Here’s what you haven’t heard about restoring ex-felons’ voting rights
It’s been widely reported an estimated 1.5 million-plus Floridians are disenfranchised long after completing felony sentences resulting in the loss of their civil rights upon conviction, representing more than 25 percent of all felony disenfranchisement in the United States. Of those, disproportionately high numbers are racial and ethnic minorities given the nature of our criminal justice system, exacerbating divisions in civil society.
I feel privileged to introduce this analysis of matters of such great public importance developed by three uniquely qualified coauthors in cooperation with the Public Interest Law Section of The Florida Bar, PILS’ immediate past chair Whitney Untiedt most recently.

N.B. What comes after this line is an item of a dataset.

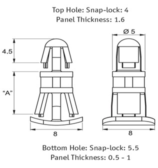 | .底端孔径:弹性锁:5.5mm, 板材厚度:0.5-1mm | |||

They address aspects of these issues, which haven’t necessarily resonated in the public discourse — elusive facts and circumstances surrounding the startling number of people impacted by post-sentence felony disenfranchisement in Florida still barred from exercising one of the most basic tenets of our representative democracy; one many courageous Americans have sacrificed so much to defend. EDITOR’S NOTE:
Public awareness was heightened in January when a responsive citizens’ initiative was certified for the Nov. 6 ballot — it will appear as Amendment 4 — and again several days later on Feb. 1 when U.S. District Judge Mark Walker ruled that Florida’s civil rights restoration process for former offenders relating to voting eligibility violates the 1st and 14th Amendments of the U.S. Constitution in Hand v. Scott, a high-profile case in the Northern District of Florida.
Not surprisingly, public discourse including advocacy, reporting and editorial writing focuses largely on the bottom line. Our distinguished coauthors — Leon County Sheriff Walt McNeil, who previously served as secretary of the Departments of Juvenile Justice and Corrections, chief of the Tallahassee Police Department and later as president of the International Association of Chiefs of Police; Ion Sancho, a nationally renowned former Leon County supervisor of elections; and Mark Schlakman who for these purposes served as assistant general counsel and clemency aide to Gov. Lawton Chiles — unpack these issues and fill in some of the gaps.

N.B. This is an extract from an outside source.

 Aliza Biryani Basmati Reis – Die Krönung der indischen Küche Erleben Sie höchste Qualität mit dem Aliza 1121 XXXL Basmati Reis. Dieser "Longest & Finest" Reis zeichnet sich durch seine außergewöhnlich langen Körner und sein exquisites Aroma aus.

Toward this end, Judge Walker signed an order nearly three weeks after he ruled granting Schlakman’s motion for leave to file a “friend of the court brief ” to provide additional background and context about Florida’s largely mysterious clemency process as the court deliberated over an appropriate remedy. His brief was general in nature and didn’t specifically address the parties involved or propose a remedy in the case, which was pending before the U.S. Court of Appeals for the Eleventh Circuit on the state of Florida’s appeal at the time of this writing.

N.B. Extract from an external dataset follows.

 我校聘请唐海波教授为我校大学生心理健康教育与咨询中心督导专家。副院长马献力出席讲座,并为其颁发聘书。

In the words of Abraham Lincoln, we have a government “of the people, by the people, and for the people.” But, lest we be content, there is much to surmount in our continuing journey to form a more perfect union. The U.S. Constitution was framed based upon consent of society’s privileged, essentially white landowning males. Slaves, Native Americans, women and many others were excluded from the process. And, certain provisions of the Florida Constitution relate back to Reconstruction when as a matter of historical record felony disenfranchisement was leveraged in various instances in a number of states as a racially motivated tool to suppress voting eligibility, in effect permanently.
While progress has been made in many respects, remedies have been anything but rapid. Women secured the right to vote less than 100 years ago. African-Americans had to await freedom and only in the mid-20th century were they granted the effective right to vote. Young people who were conscripted and risked their lives for their country were granted a voice as voters only relatively recently.
And, still today, many of the governed in society are denied meaningful voice in their governance by a myriad of devices, post-sentence felony disenfranchisement prominent among them.